Hierbei reicht es, die Heizung vom Aquarium abzuschalten und die Beleuchtung unserer Helligkeitsdauer anzupassen. Für einige Wochen kann die Beleuchtung auch ganz abgeschaltet bleiben. Die Tiere müssen bei dieser Variante weiterhin gefüttert werden, allerdings nehmen sie in dieser Zeit wesentlich weniger Nahrung zu sich als in der Hauptaktivitätsphase.  Diese Form der "Überwinterung" wendete ich bisher bei chrysemys picta dorsalis und chinemys reevesi an. Die Dauer dieser Ruhephase kann man aus den o. a. Klimatabellen erkennen.

 

Winterruhe / Hibernation:

Hier möchte ich gleich vorwegschicken, daß eine Überwinterung in unseren Teichen und Gewässern sowie im Freien aufgestellten Aquarien oder nicht wärmeisolierten  Dachböden völlig indiskutabel ist. Ein Aquarium im Freiland friert zu schnell ein und würde durch die Eisbildung ohnehin zerstört werden. Wenn Wasser zu Eis gefriert, dehnt es sich aus, was zum Reissen oder Springen der Glasscheiben führt. Dieses Phänomen kann mit einem Eiswürfelbehälter im Gefrierfach oder in der Tiefkühltruhe nachgestellt werden: das Volumen eines Eiswürfels ist grösser als die Menge Wasser, die man eingefüllt hat. Die ganzjährige Teichhaltung ist deswegen abzulehnen, da viele Tiere - falls sie unseren Winter überhaupt überleben - bereits im Februar durch die ersten warmen Sonnenstrahlen "geweckt" werden und langsam an die Oberfläche kommen. Ein erneuter Frost sorgt dann für den sicheren Tod der Tiere. Bei einer Überwinterung auf dem Dachboden ist die Gefahr, daß es tagsüber durch die Sonne zu warm wird, zu groß. Oft reichen nur wenige Grad Temperaturunterschied, damit die Kröten Aktivitäten entwickeln. Durch das ständige Aufwärmen und Abkühlen bricht irgendwann der Kreislauf und die Funktion der Körperorgane zusammen.

 

Überwinterung nach Freilandhaltung:

Am Einfachsten ist die Durchführung einer Überwinterung, wenn die Tiere den Sommer über im Freiland leben.
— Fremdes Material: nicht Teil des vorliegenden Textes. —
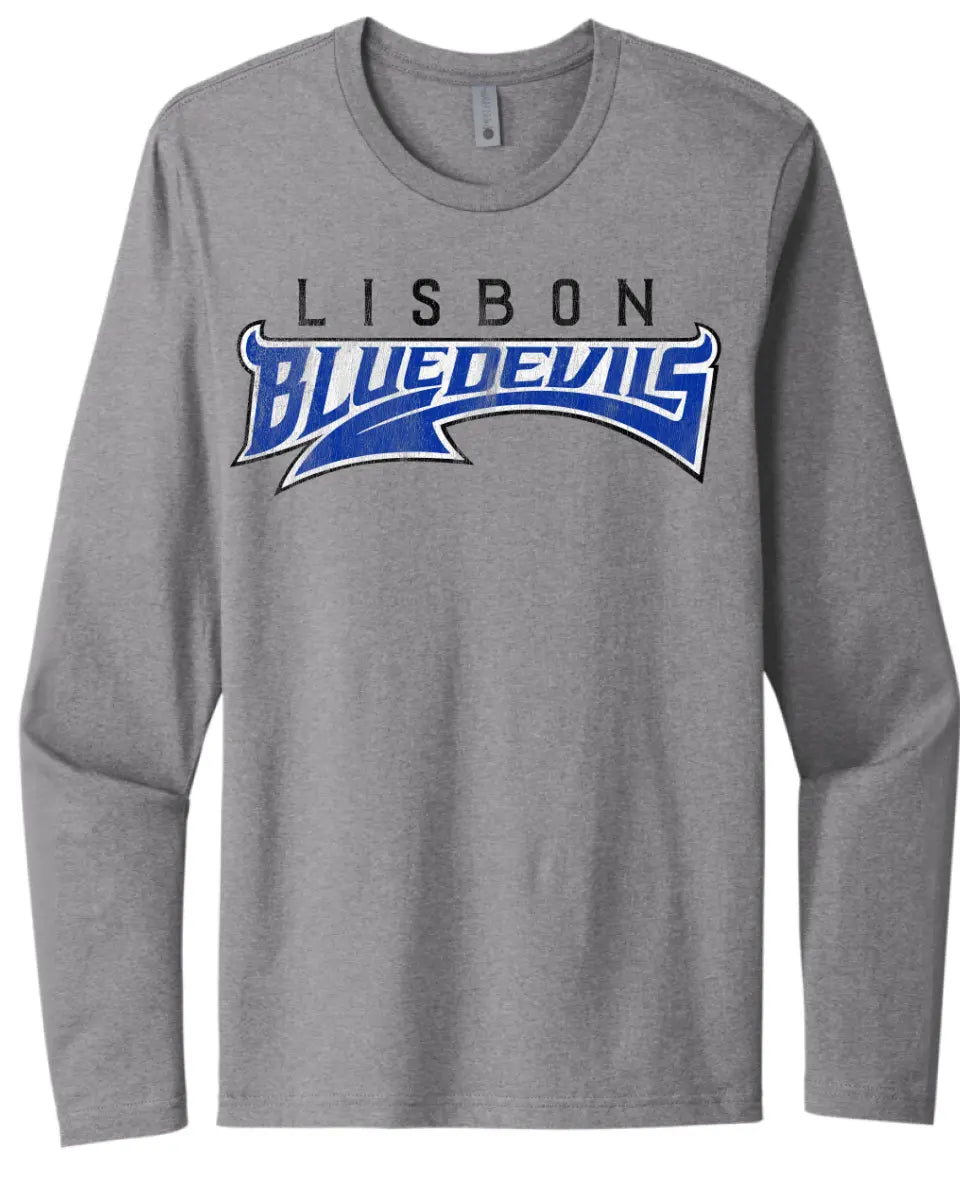 Lisbon Blue Devils Tail Distressed Next Level Cotton Long Sleeve Tee

In temperaturbegünstigten Regionen  läßt man sie einfach solange im Teich, bis sie von selbst in eine Starre fallen und überführt sie dann direkt in ihr Überwinterungsquartier. Dieses kann ein kalter Keller oder ein Kühlschrank sein. Auch hier gilt wie bei den Landschildkröten, daß es der Schildkröte völlig egal ist, wo es kalt ist, hauptsache es ist konstant kalt genug. Da es nicht in allen Regionen gleich warm ist, muß man ggf. mit Heizmaßnahmen in Form von Frühbeet oder Gewächshaus mit Strahlungswärme gegensteuern. Wichtig sind ebenfalls Ausstiegshilfen wie Teichmatten, Kokosmatten, Jutesäcke, etc., da die Tiere durch das zunehmend kältere Wasser in ihrem Bewegungsablauf geschwächt werden und nicht die Kraft wie im Sommer haben. Sollten diese Möglichkeiten nicht realisierbar sein, müssen die Tiere rechzeitig vor Kälteeinbruch hereingeholt werden, dann ist so zu verfahren, wie es im nächsten Abschnitt beschrieben ist.

Überwinterung bei ganzjähriger Haltung im Vivarium / Aquaterrarium:

Hier schaltet man die Heizung ab und senkt langsam die Beleuchtungsdauer, passt sie am besten unserer Helligkeitsdauer an. Wenn möglich, dann stellt man ein Aquarium in einen ungeheizten Raum, damit sich die Tiere besser auf die kühlere Temperatur einstellen. Sollte der Keller nicht kalt genug sein, bleibt nur das kontrollierte! Rausstellen auf Balkon / Terrasse / Garage in einer ausbruchssicheren Box. Die Box wird nur so gering mit Wasser gefüllt, dass sich das Tier komplett im Wasser befindet, jedoch bequem Luftholen kann. Eine weitere Möglichkeit ist die "trockene" Einwinterung, wie sie häufig bei Moschusschildkröten angewandt wird. Hierzu wird die Box nicht mit Wasser sondern mit Substrat gefüllt.  Das Substrat kann ein Rindenmulch-Erde-Gemisch, Erde-Sand-Gemisch oder Kokosfaser sein sowie Sphagnum-Moos, wenn man welches bekommen kann. Auf jeden Fall muß es gut feucht gehalten werden.. Wenn die Temperatur der im Kühlschrank nahekommt, kann der Behälter mit Tier in den Kühlschrank überführt werden.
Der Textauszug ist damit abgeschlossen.